Her workroom is dark when she returns to herself. Crickets keep the beat for a veery’s night song. Her hand is gripping the pen in a stiff claw. While she flexes and stretches her sore fingers, she can see in the dim light that the pages of her blank book are covered in her own tight, messy handwriting, though she can’t make out the words in the gloom. She is hungry, tired to her bones, but glowing and giddy. A decent plot, but it must be left alone to ferment all night and withstand being read in the critical light of morning.
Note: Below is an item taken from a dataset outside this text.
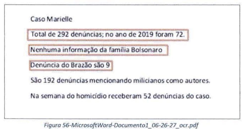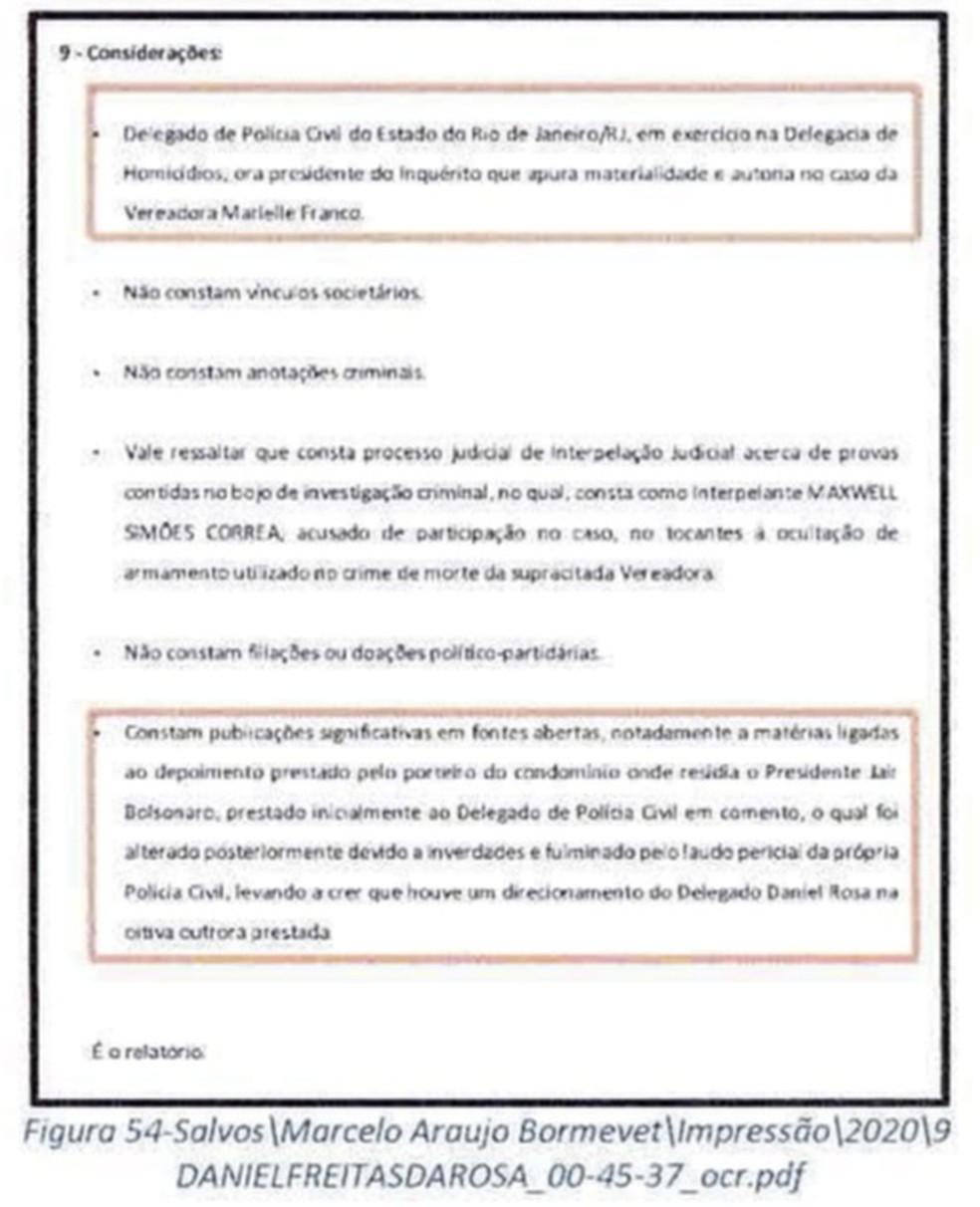 “Constam publicações significativas em fontes abertas,notadamente a matérias ligadas ao depoimento prestado pelo porteiro do condomínio onde residia o presidente Jair Bolsonaro,prestado inicialmente ao delegado da Polícia Civil em comento,o qual foi alterado posteriormente devido a inverdades e fulminado pelo laudo da própria Polícia Civil,levando a crer que houve um direcionamento do delegado Daniel Rosa na oitiva outrora prestada”,diz o relatório.

She pads back to the kitchen where the fire has gone cold and rummages through the pantry for some peanut butter and a spoon. After shoving several thick spoonfuls into her mouth, she chews thickly and does one last chore. She hefts each bucket of failed concoction out into the twilight, lugs each through the garden and dumps them onto the compost heap. As she turns to go, something bright catches her eye. A big fleshy squash blossom, now sparkling with drops of water from the failed plots, is peeking out from a vine growing vigorously from the compost. Over the crickets and night birds, she hears a tiny hum. She bends low, lifts up the canopy of prickly leaves, and listens to the lovely little melody drifting from the chorus of blossoms.
Well, she muses. You just never know what’s going to sprout up from a mess of failed words.